Given entries:

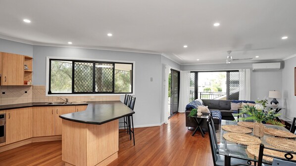Beautifully presented, air-conditioned family beach getaway, only minutes from the beach and main street. Perfect for a family or friends getaway. You can walk down the street and grab an icecream or a coffee, or head down the beach and throw a line in or have a swim. No need for the car, you can walk to everything from here with ease.
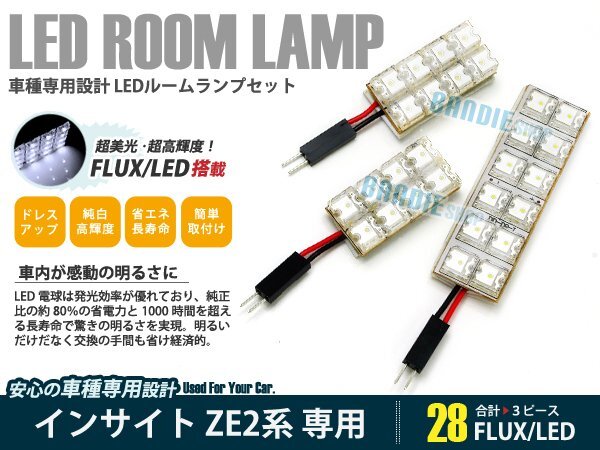 > ZE2系 インサイト 3ピース 合計28ブロック発光 ルームランプ LED化 白発光 高輝度FLUXタイプ 一台分セット
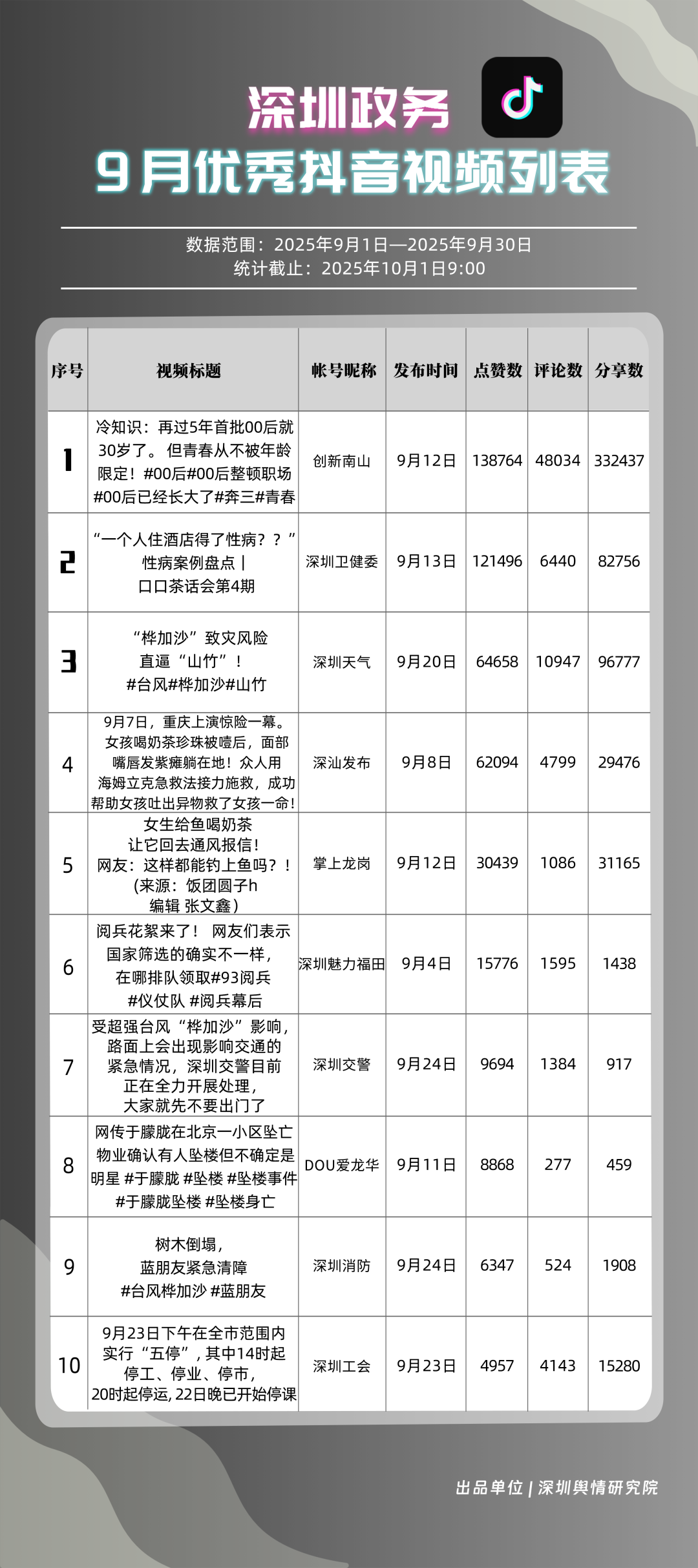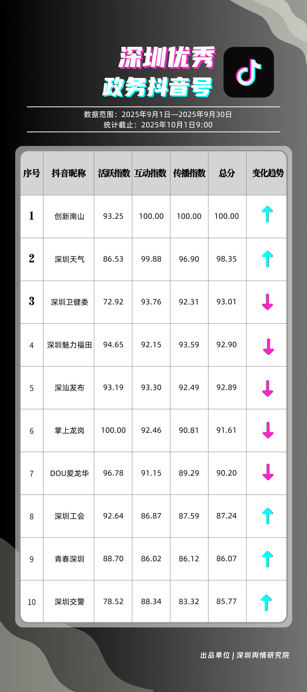 9月,獲得“優(yōu)秀政務(wù)抖音號(hào)”稱號(hào)的是“創(chuàng)新南山”“深圳天氣”“深圳衛(wèi)健委”“深圳魅力福田”“深汕發(fā)布”“掌上龍崗”“DOU愛龍華”“深圳工會(huì)”“青春深圳”“深圳交警”?!皠?chuàng)新南山”以一條有關(guān)“青春不被年齡限定”的視頻獲得超34萬次轉(zhuǎn)發(fā),超14萬次點(diǎn)贊,助力其在抖音榜單居于榜首;“深圳天氣”多條臺(tái)風(fēng)相關(guān)視頻吸引大量網(wǎng)民關(guān)注、互動(dòng),在抖音平臺(tái)得分超98分;“深圳衛(wèi)健委”“深圳魅力福田”“深汕發(fā)布”等賬號(hào)緊隨其后,得分均在92分以上。上榜的優(yōu)秀政務(wù)抖音號(hào)以“有溫度”的敘事表達(dá),將宣傳、服務(wù)內(nèi)容轉(zhuǎn)化為網(wǎng)民喜聞樂見的視頻,收獲高點(diǎn)贊、高轉(zhuǎn)發(fā)的流量實(shí)績,更在評(píng)論區(qū)形成了良性互動(dòng)生態(tài),深度運(yùn)營收獲了較好成果。
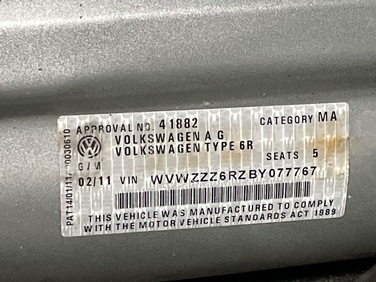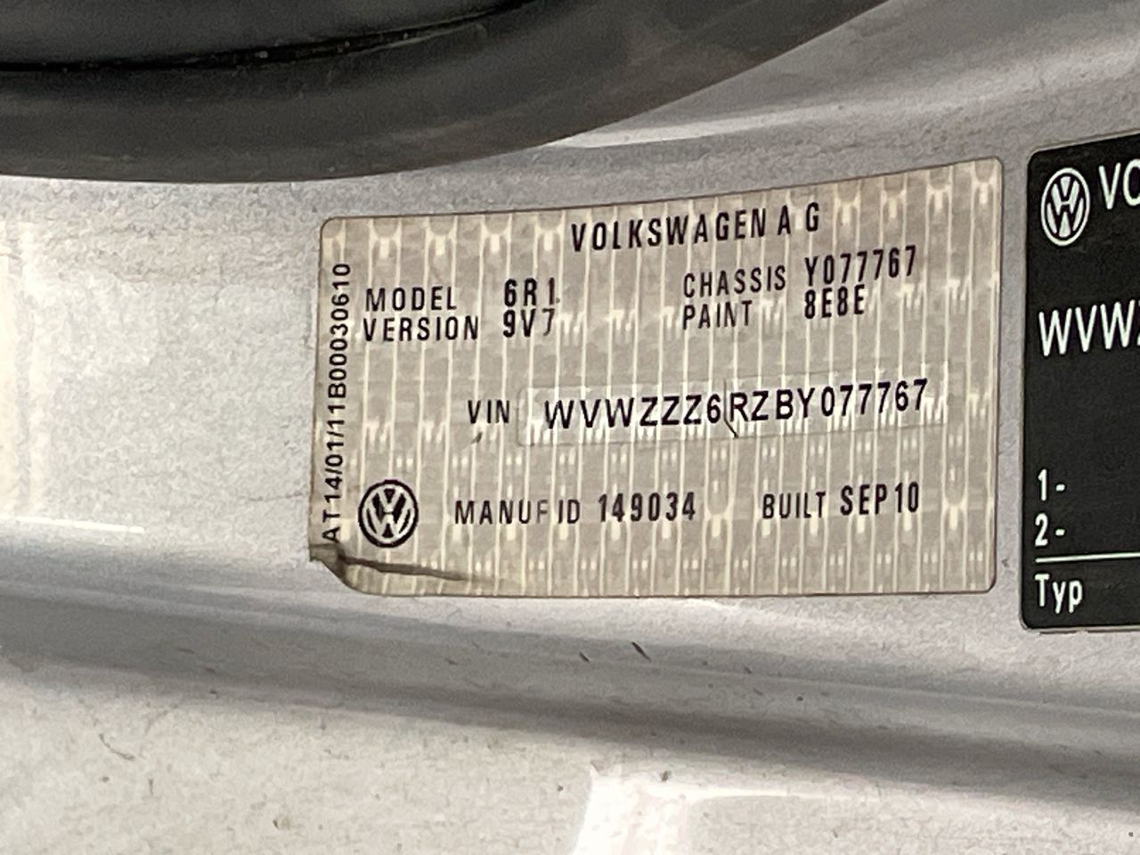 (SN:WVWZZZ6RZBY077767) (121120-1)
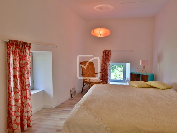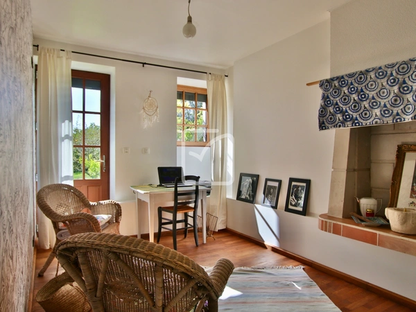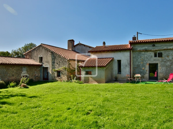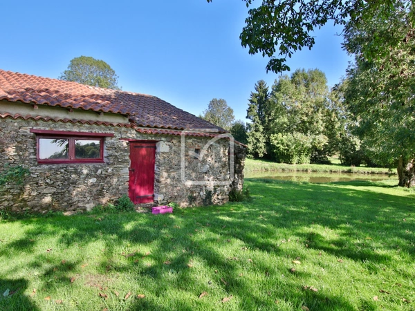 Dans la campagne vallonnée de Gâtine, propriété qui s'étend sur plus de 8000m2 de terrain, avec un étang d'env. 1000m2, bois et jardin arboré. Vous disposerez de 2 logements de caractère et de plusieurs dépendances (serre-bois, abris de jardin et grange). La maison principale propose sur env. 145m2 une distribution des pièces originale comprenant : Cuisine / salle à manger qui s'ouvre sur un salon avec cheminée, espace parental avec son petit salon, une salle d'eau/wc et une grande chambre quelques marches plus bas. De l'autre côté de la maison, une 2ème chambre, une salle d'eau et wc séparés. À l'étage, pièce palière qui mène à une 3ème chambre avec poutres apparentes, un wc et un grenier. Pièces de vie exposées Sud, chauffage au sol par géothermie. Un logement indépendant d'env. 50m2, juste à côté, offre un séjour avec poêle à bois, une belle cuisine aménagée, une salle d'eau et une buanderie. Grande chambre mansardée au 1er étage : un gîte cosy & confortable ! Cet ensemble de bâtisses en pierre respecte la caractère typique de La Gâtine, une visite s'impose ! Votre contact : Pierre Dessombs 0684694900 - pierre.dessombs@imoconseil.com - Fluent english speaking local agent
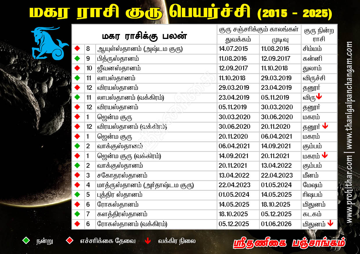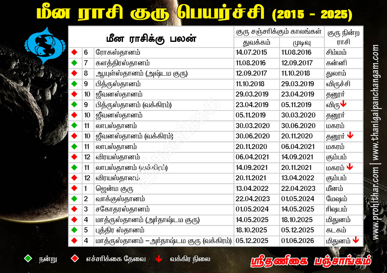 தனூர் ராசிக்கு குரு பார்வை (2015 முதல் 2025 வரை) மகர ராசிக்கு குரு பார்வை (2015 முதல் 2025 வரை) கும்ப ராசிக்கு குரு பார்வை (2015 முதல் 2025 வரை) மீன ராசிக்கு குரு பார்வை (2015 முதல் 2025 வரை)

Task to carry out: Give back the records above exactly. Pictures stay out.

Response to the task:
Beautifully presented, air-conditioned family beach getaway, only minutes from the beach and main street. Perfect for a family or friends getaway. You can walk down the street and grab an icecream or a coffee, or head down the beach and throw a line in or have a swim. No need for the car, you can walk to everything from here with ease.
 > ZE2系 インサイト 3ピース 合計28ブロック発光 ルームランプ LED化 白発光 高輝度FLUXタイプ 一台分セット
 9月,獲得“優(yōu)秀政務(wù)抖音號(hào)”稱號(hào)的是“創(chuàng)新南山”“深圳天氣”“深圳衛(wèi)健委”“深圳魅力福田”“深汕發(fā)布”“掌上龍崗”“DOU愛龍華”“深圳工會(huì)”“青春深圳”“深圳交警”?!皠?chuàng)新南山”以一條有關(guān)“青春不被年齡限定”的視頻獲得超34萬次轉(zhuǎn)發(fā),超14萬次點(diǎn)贊,助力其在抖音榜單居于榜首;“深圳天氣”多條臺(tái)風(fēng)相關(guān)視頻吸引大量網(wǎng)民關(guān)注、互動(dòng),在抖音平臺(tái)得分超98分;“深圳衛(wèi)健委”“深圳魅力福田”“深汕發(fā)布”等賬號(hào)緊隨其后,得分均在92分以上。上榜的優(yōu)秀政務(wù)抖音號(hào)以“有溫度”的敘事表達(dá),將宣傳、服務(wù)內(nèi)容轉(zhuǎn)化為網(wǎng)民喜聞樂見的視頻,收獲高點(diǎn)贊、高轉(zhuǎn)發(fā)的流量實(shí)績,更在評(píng)論區(qū)形成了良性互動(dòng)生態(tài),深度運(yùn)營收獲了較好成果。
 (SN:WVWZZZ6RZBY077767) (121120-1)
 Dans la campagne vallonnée de Gâtine, propriété qui s'étend sur plus de 8000m2 de terrain, avec un étang d'env. 1000m2, bois et jardin arboré. Vous disposerez de 2 logements de caractère et de plusieurs dépendances (serre-bois, abris de jardin et grange). La maison principale propose sur env. 145m2 une distribution des pièces originale comprenant : Cuisine / salle à manger qui s'ouvre sur un salon avec cheminée, espace parental avec son petit salon, une salle d'eau/wc et une grande chambre quelques marches plus bas. De l'autre côté de la maison, une 2ème chambre, une salle d'eau et wc séparés. À l'étage, pièce palière qui mène à une 3ème chambre avec poutres apparentes, un wc et un grenier. Pièces de vie exposées Sud, chauffage au sol par géothermie. Un logement indépendant d'env. 50m2, juste à côté, offre un séjour avec poêle à bois, une belle cuisine aménagée, une salle d'eau et une buanderie. Grande chambre mansardée au 1er étage : un gîte cosy & confortable ! Cet ensemble de bâtisses en pierre respecte la caractère typique de La Gâtine, une visite s'impose ! Votre contact : Pierre Dessombs 0684694900 - pierre.dessombs@imoconseil.com - Fluent english speaking local agent
 தனூர் ராசிக்கு குரு பார்வை (2015 முதல் 2025 வரை) மகர ராசிக்கு குரு பார்வை (2015 முதல் 2025 வரை) கும்ப ராசிக்கு குரு பார்வை (2015 முதல் 2025 வரை) மீன ராசிக்கு குரு பார்வை (2015 முதல் 2025 வரை)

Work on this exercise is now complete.